Le groupe La France insoumise est favorable à cette proposition de loi. Elle vise, d'une part, à supprimer la barrière des soixante-quinze ans, âge avant lequel la demande de prestation de compensation du handicap doit être déposée, faute de quoi l'on ne peut jamais percevoir cette aide, et, d'autre part, à autoriser les départements à expérimenter des actions pour limiter le reste à charge des bénéficiaires.

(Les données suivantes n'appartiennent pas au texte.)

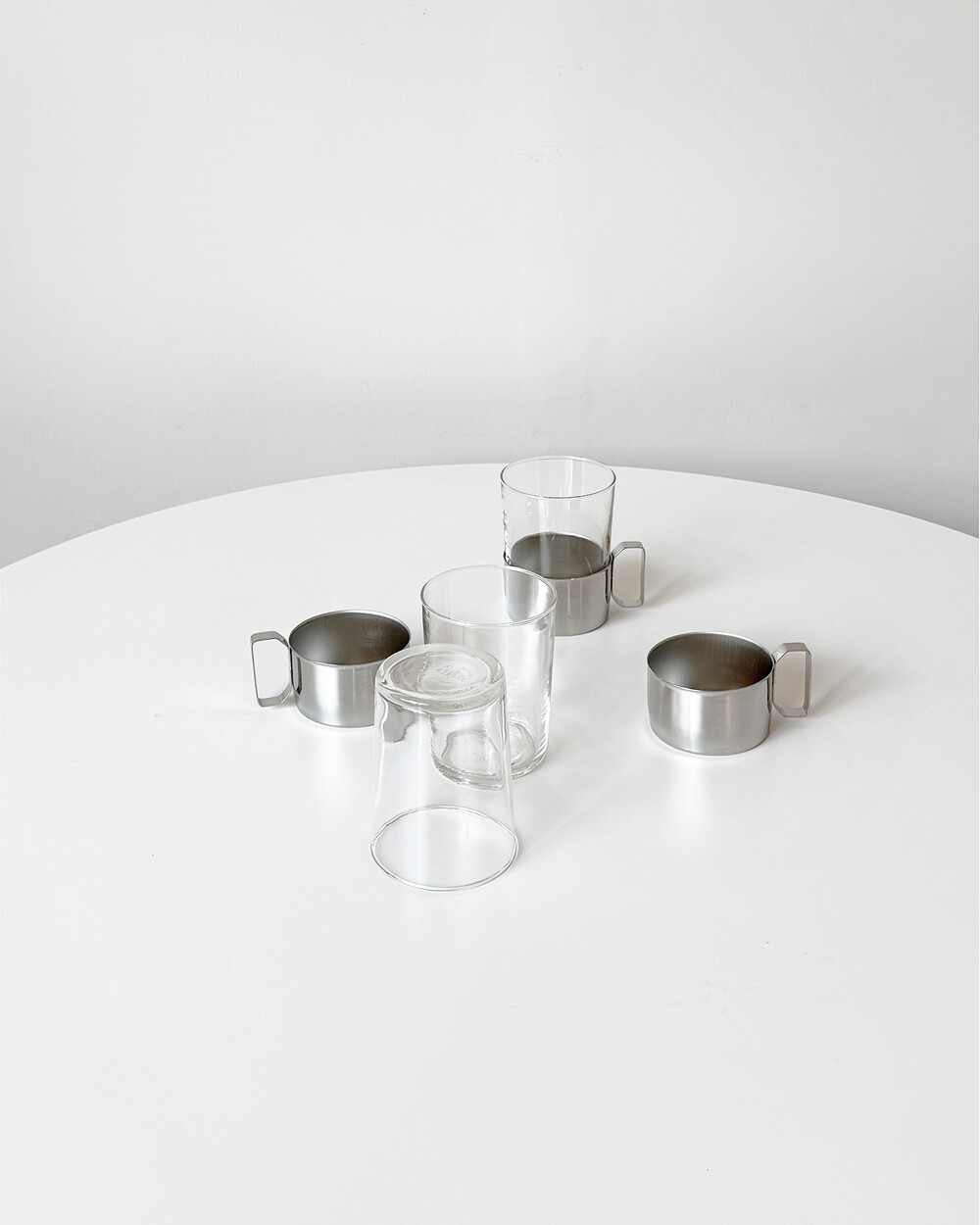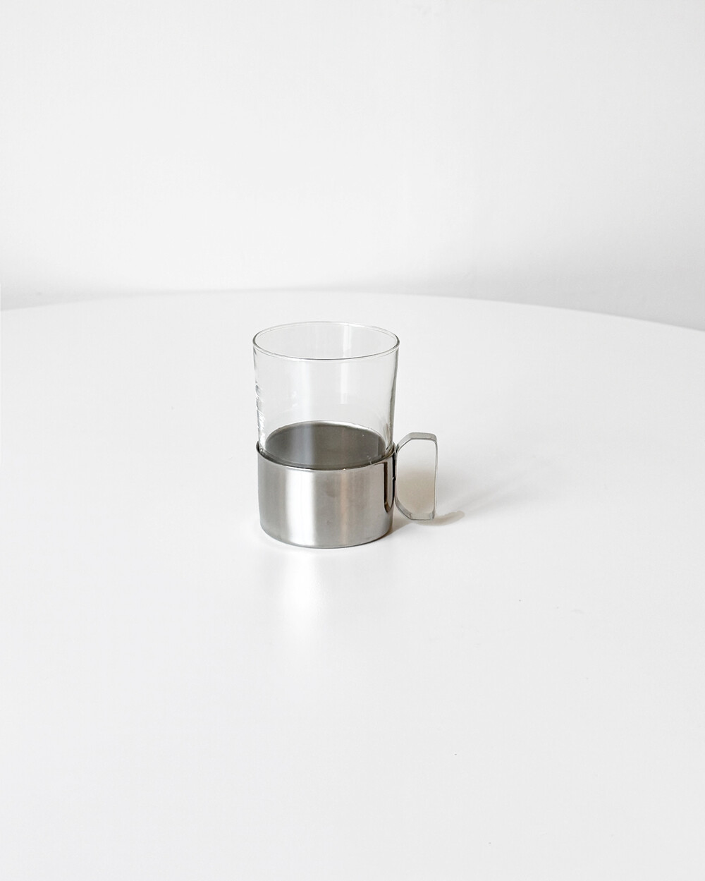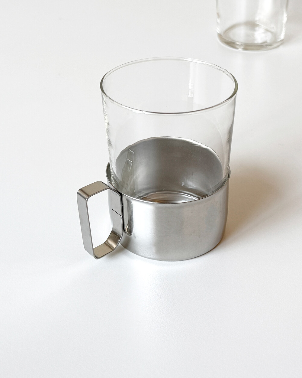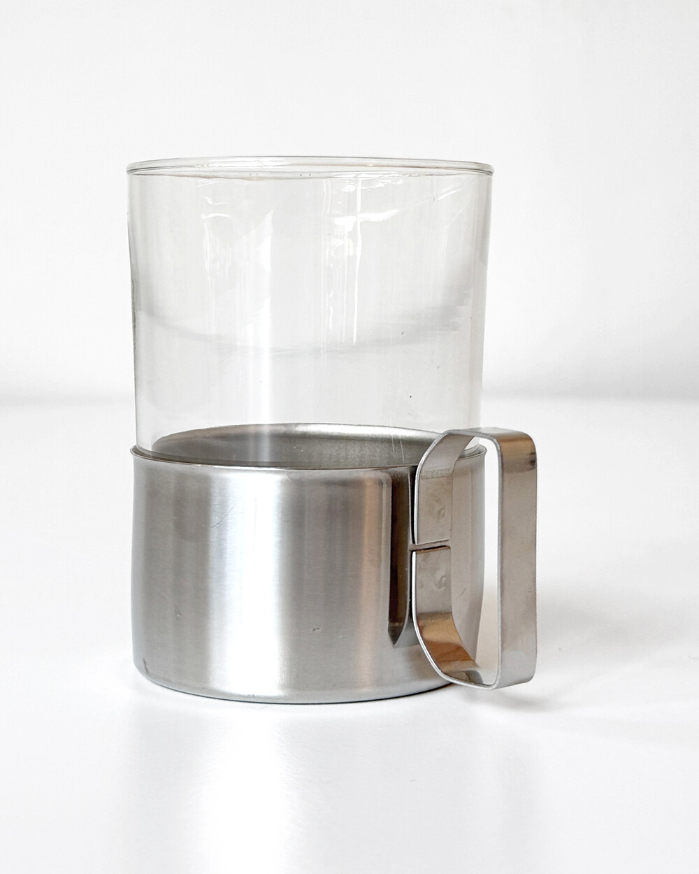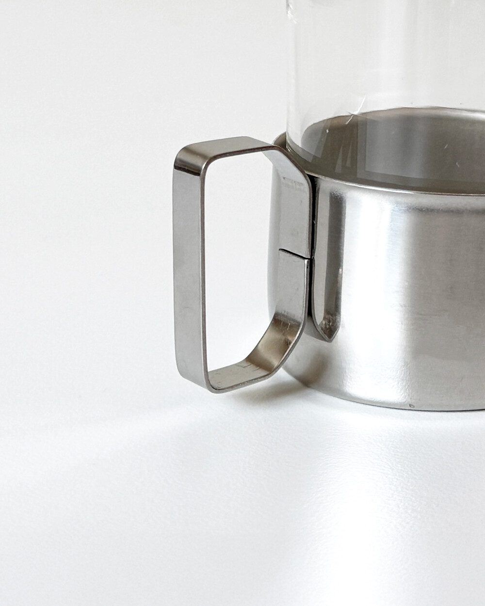 심플한 실루엣에 독특한 쉐입의 핸들이 더해진 70–80년대 Duralex의 빈티지 컵입니다. 직선적인 유리컵과 스테인리스 홀더가 조화를 이루는 모던한 디자인으로, 따뜻한 음료를 담을 수 있도록 내열유리가 사용되었습니다.
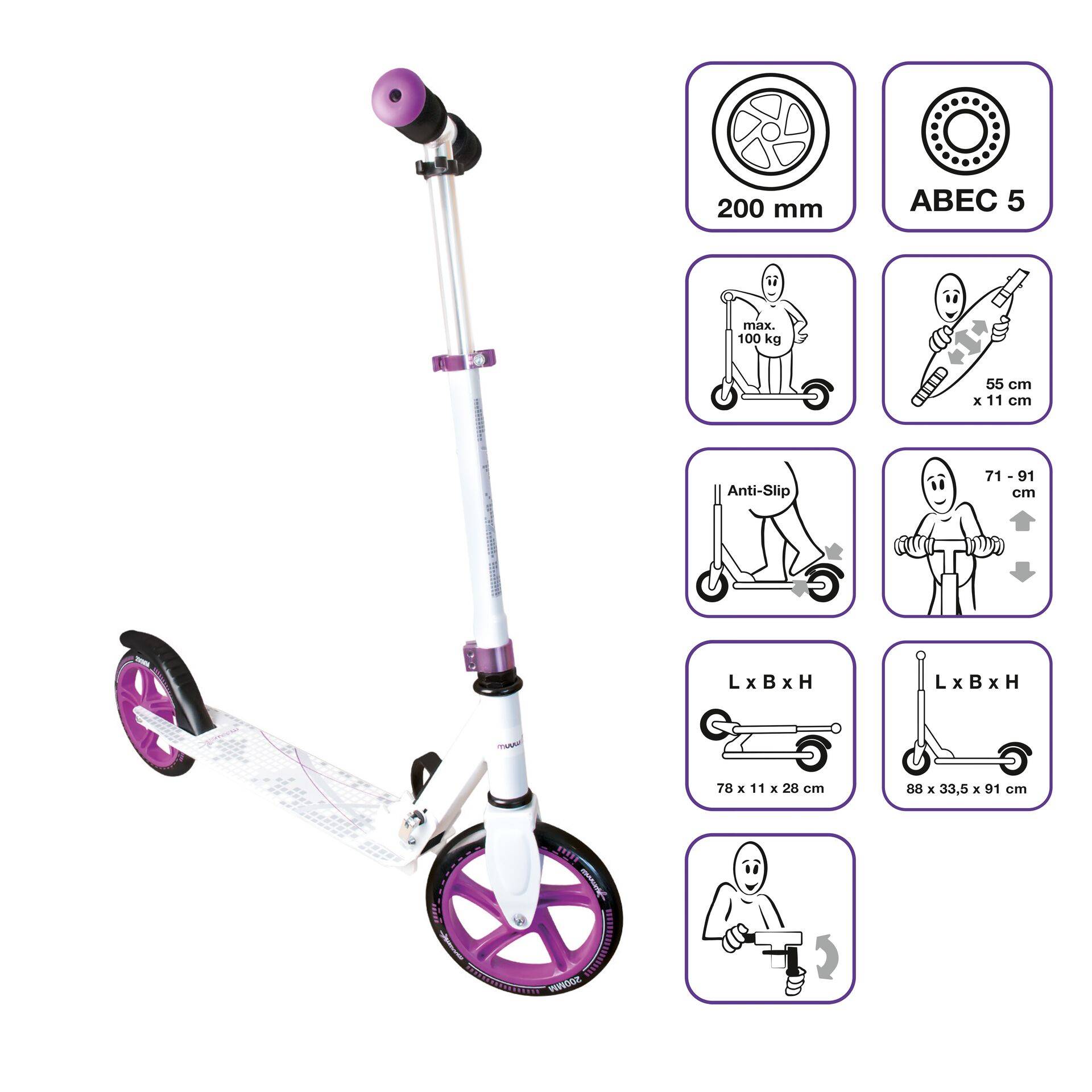 Fahrkomfort: Mit einem Rollendurchmesser von 200 mm und einem ABEC 5 Kugellager sind Sie immer komfortabel und schnell unterwegs.

Toutefois, nous n'oublions pas que cette aide peut être menacée par la baisse des dotations aux départements. Le Gouvernement n'entend pas revenir sur ces diminutions et continue, au contraire, d'aggraver la situation en pratiquant des coups de rabot sur le budget des collectivités territoriales. Nous le déplorons. Les dotations ont déjà diminué de 5 milliards d'euros à l'occasion du vote du premier texte budgétaire de cette majorité ; sur l'ensemble du quinquennat, ce sont près de 10 milliards d'euros qui devront ainsi être économisés. Le Gouvernement poursuit en ce sens les politiques « austéritaires » conduites sous les quinquennats précédents, alors que nous voyons clairement leurs effets néfastes, a fortiori sur le sujet qui nous occupe aujourd'hui et sur les personnes les plus fragiles.

Selon nous, le versement de ces prestations ne doit plus relever de départements exsangues. Cette attribution de compétence accroît les inégalités territoriales, puisqu'un citoyen peut ne pas bénéficier du même accompagnement suivant l'endroit où il habite. Le handicap, lui, ne connaît pas les frontières administratives – vous le savez bien, mes chers collègues. Nous serions favorables à un versement direct de cette aide par l'État, afin d'assurer l'égalité de traitement sur tout le territoire national.

Nous avons souhaité déposer plusieurs amendements pour améliorer ce texte et répondre encore mieux aux attentes des personnes en situation de handicap.

Le préambule de la Constitution du 27 octobre 1946 dispose que « la Nation assure à l'individu et à la famille les conditions nécessaires à leur développement » et que « tout être humain qui, en raison de son âge, de son état physique ou mental, de la situation économique, se trouve dans l'incapacité de travailler a le droit d'obtenir de la collectivité des moyens convenables d'existence ».

À cet égard, la timide revalorisation de l'allocation aux adultes handicapés est très largement insuffisante : alors que 400 000 euros ont été offerts dès cette année et sans contrepartie aux 1 000 plus gros contributeurs à l'impôt de solidarité sur la fortune – ISF – , quelques dizaines d'euros seulement seront attribuées sur deux ans, à compter de l'année prochaine, aux personnes en situation de handicap.

Une allocation aux adultes handicapés de 900 euros par mois est bien inférieure aux besoins réels de ses bénéficiaires. Nous souhaitons sa revalorisation pour atteindre le niveau du SMIC. Notre premier amendement demande donc au Gouvernement de remettre au Parlement un rapport évaluant le coût d'une telle augmentation de l'allocation aux adultes handicapées, qui serait portée au niveau du SMIC. C'est l'une des premières mesures que nous prendrions si les Français nous donnaient leur confiance dans le cadre des élections présidentielles et législatives.

Notre second amendement aurait consisté à supprimer la prise en compte des revenus du conjoint dans le calcul du montant de l'allocation aux adultes handicapés, versée à 1 million de personnes. Nous voulons en effet revenir sur la décision prise par le Gouvernement, qui avait privé plusieurs dizaines de milliers de personnes de cette allocation alors qu'elles en bénéficiaient jusqu'alors.